Due to COVID-19, the entire country shut down during harvest season, and the closed borders limited the resources coming from other countries. Despite the hardships, especially for people of faith, Yeatts shared a statement from one of World Help’s partners in North Korea, who asserted that North Koreans are still “desperate for God’s Word.”

“‘And they will risk death for a Bible,’” the World Help partner declared. “‘Even in the middle of this food shortage and famine, if you put a copy of God’s Word and a bag of rice in front of one of these North Korean believers, they will choose the Bible.’”

However, as the partner noted, World Help is in a position to give people both food and God’s Word. Yeatts added World Help has the opportunity to not only help North Koreans access the Bible but can also “sustain” people and even “save their lives, in some ways.”

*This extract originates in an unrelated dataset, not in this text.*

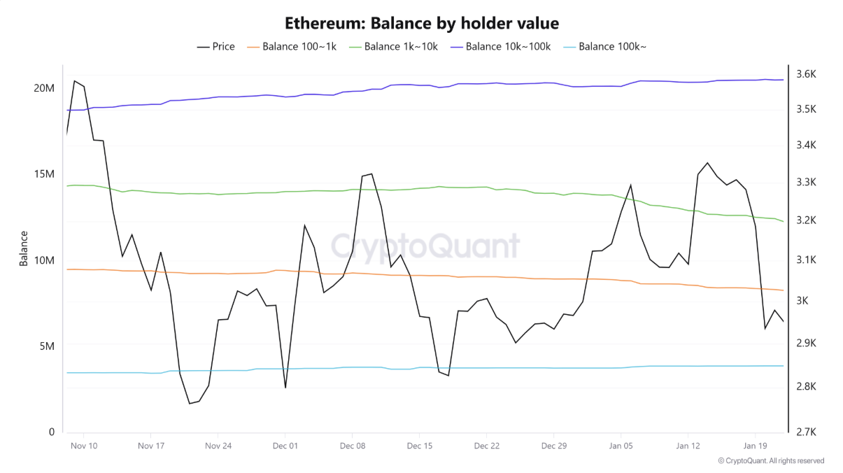 Tình hình tương tự cũng diễn ra ở các nhà đầu tư cá nhân nắm giữ 100–1.000 ETH và 1.000–10.000 ETH, với hoạt động bán kéo dài từ tháng 12, tổng cộng 520.000 ETH đã được phân phối kể từ Chủ nhật. Trong khi đó, cá voi (ví nắm giữ 10.000–100.000 ETH) vẫn duy trì hoạt động tích trữ, nhưng lượng mua ròng trong giai đoạn gần đây tương đối trung lập, chỉ phần nào giảm bớt áp lực bán.

Regarding how World Help operates, Yeatts explained that the organization does not set up offices worldwide. Instead, World Help works with national partners who are on the ground and understand the culture of the country they’re trying to help and the best way to assist.

Regarding how World Help recruits its partners, Yeatts assured the organization has a robust “vetting process” but declined to offer further details due to confidentiality concerns.

While Yeatts maintained that providing the exact number of Bibles the group has delivered to North Korea is challenging, the World Help president believes that at least hundreds of thousands have been supplied to persecuted Christians since the organization began its work there.

She added that funding for World Help’s work primarily comes from individual donors and churches, in addition to grants. On its website, the organization invites people to donate to supply a Bible and one week’s worth of food for a persecuted North Korean Christian.

The World Help president, who recently returned from a trip to South Korea where she met with North Korean defectors and faith leaders, said one of the people she spoke with recalled hearing the word “human rights” for the first time after their defection.

“There are no words for human rights in North Korea,” Yeatts said. “They had never heard about that.”

Another person Yeatts interviewed told her that every home in North Korea must have a picture of the country’s dictator on the wall. A photo of Kim in her family’s home accidentally fell from the wall one day, and, as a result, someone informed authorities, and the woman’s father was arrested and sent to a prison camp.

“So that’s just what it’s like to live as a normal person,” the World Help president lamented. “If you are a believer, it’s even more dangerous than you can imagine.”